Start of Materials provided
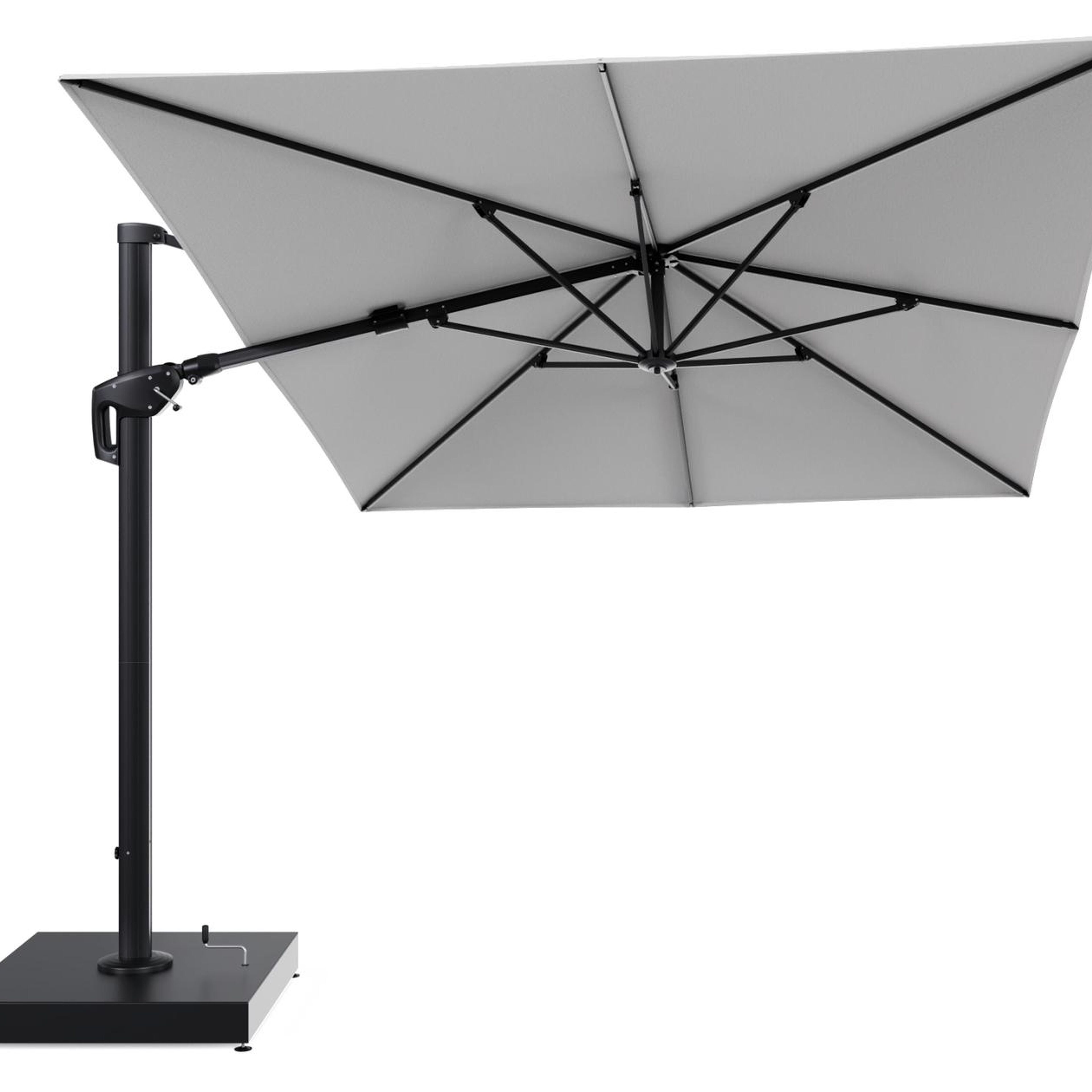 De parasol wordt geleverd met een 260 kg Minore aluminium parasolvoet. Deze stevige basis zorgt voor de nodige stabiliteit op je terras.
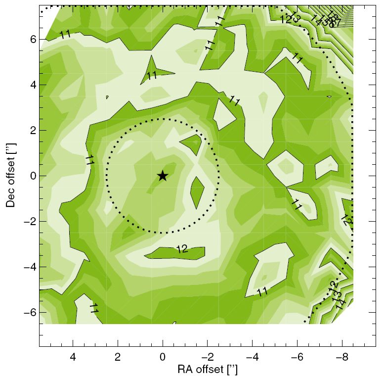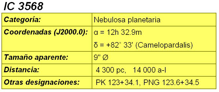 Mapa de temperatura electrónica de IC 3568 en unidades de 1000 K. La circunferencia pequeña de puntos señala el borde interior de la nebulosa, y la curva punteada externa marca la frontera entre la envoltura y el halo. Figura 13 de A&A 486, 545-567 (2008) (86 Kb)
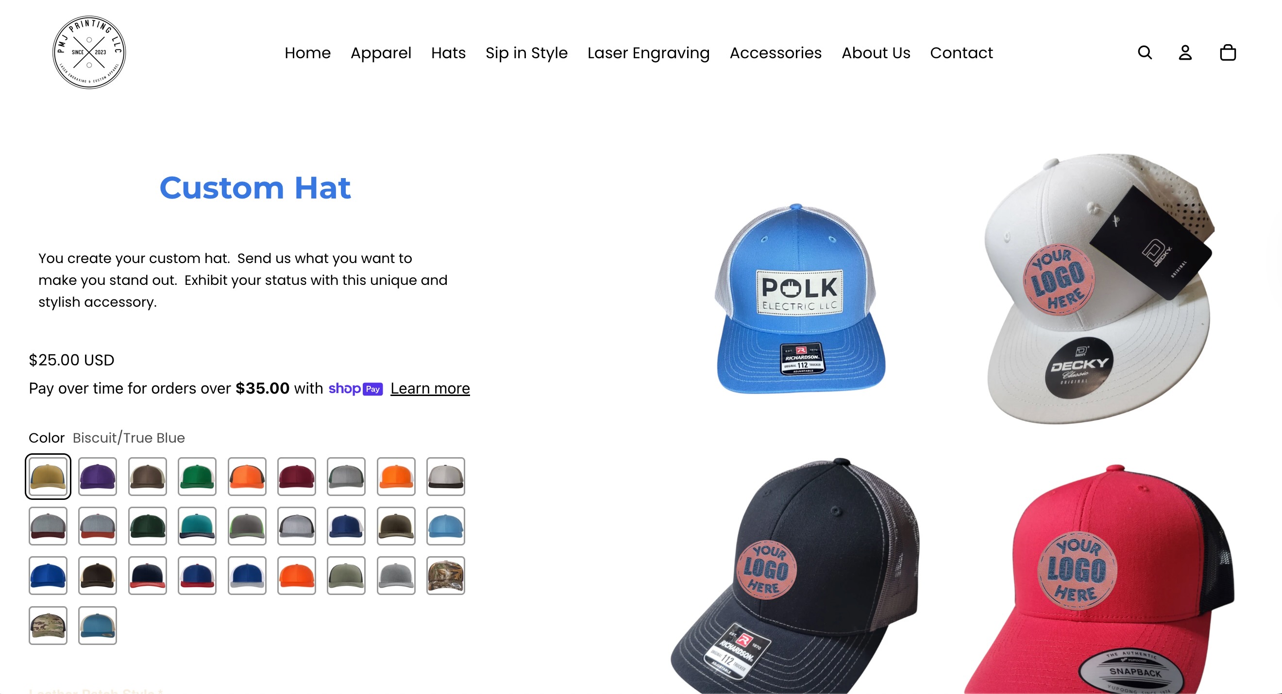 - Hats page → light background
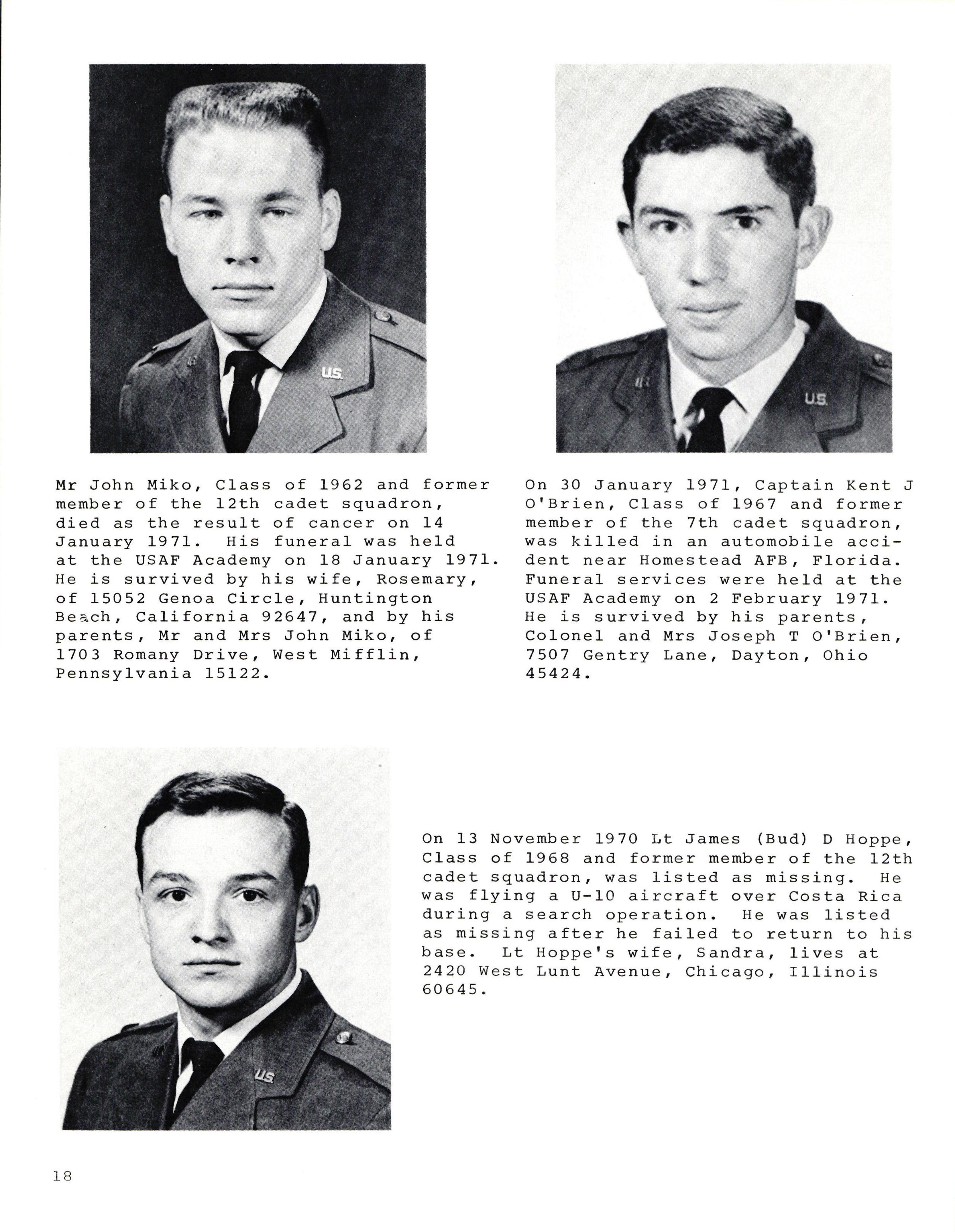 The home town news center has been kind enough to send the following information concerning some of the distinguished military graduates of the class, even if they didn't know that they fell in that category. In the area of medals received, I am sure that 68 will be able to hold its head high, thanks to the efforts of you "real Air Force" types who generally boost the name of such non-combatants as myself. I only have a few this time, but will be glad to provide a special HERO section for all those who would like to share their accomplishments. My first list, in alphabetical order, includes: MIKE ARMSTRONG-Air Medal, MIKE CARTWRIGHT-Distinguished Flying Cross, JOEL GORDES-Air Medal, TOM O'BEIRNE-Purple Heart, and BILL SHEPHERDAir Medal. There is also special recognition given to CHARLEY JACKSON for being included in the 1970 edition of "Outstanding Young Men of America" according to a recent announcement by the Outstanding Americans Foundation. Nice Going Guys!!!
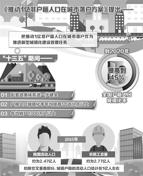 如何推動(dòng)1億左右農(nóng)業(yè)轉(zhuǎn)移人口和其他常住人口等非戶籍人口在城市落戶,使有能力在城鎮(zhèn)穩(wěn)定就業(yè)和生活的農(nóng)業(yè)轉(zhuǎn)移人口舉家進(jìn)城落戶,是我國推進(jìn)新型城鎮(zhèn)化面臨的迫切任務(wù)。不久前,國務(wù)院辦公廳印發(fā)了《推動(dòng)1億非戶籍人口在城市落戶方案》(以下簡(jiǎn)稱《方案》)。
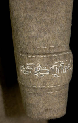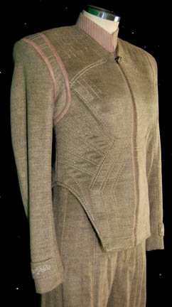 Description: The Vissians are a race encountered by the U.S.S. Enterprise NX-01 in the Star Trek: Enterprise episode “Cogenitor”. Their race includes a third gender called the “Cogenitors” who are treated as objects, being passed around from one Vissian couple to another. This Vissian costume includes a soft faux fur jacket with intricate stitching for detail, tan piping around the shoulders, Vissian designs on the cuffs and a metal button embellishment on the zipper. A sleeveless beige suede shirt is worn underneath with a stitched detail collar. The accompanying trousers are also faux fur with detailed stitching for decoration. Costume comes complete with costume tag that reads “Enterprise, #48, Cogenitor, Vissian”.
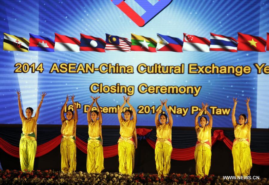 Artists from Singapore perform during the China-ASEAN Cultural Exchange Year 2014 Closing Ceremony in Nay Pyi Taw, Myanmar, Dec 16, 2014. [Photo/Xinhua]
End of Materials provided
→ **Description of the task**: Repeat exactly the lines from the first line of the records above through the line containing "- Hats page → light background", leaving out the pictures.

→ **Solution to this task**:
 De parasol wordt geleverd met een 260 kg Minore aluminium parasolvoet. Deze stevige basis zorgt voor de nodige stabiliteit op je terras.
 Mapa de temperatura electrónica de IC 3568 en unidades de 1000 K. La circunferencia pequeña de puntos señala el borde interior de la nebulosa, y la curva punteada externa marca la frontera entre la envoltura y el halo. Figura 13 de A&A 486, 545-567 (2008) (86 Kb)
 - Hats page → light background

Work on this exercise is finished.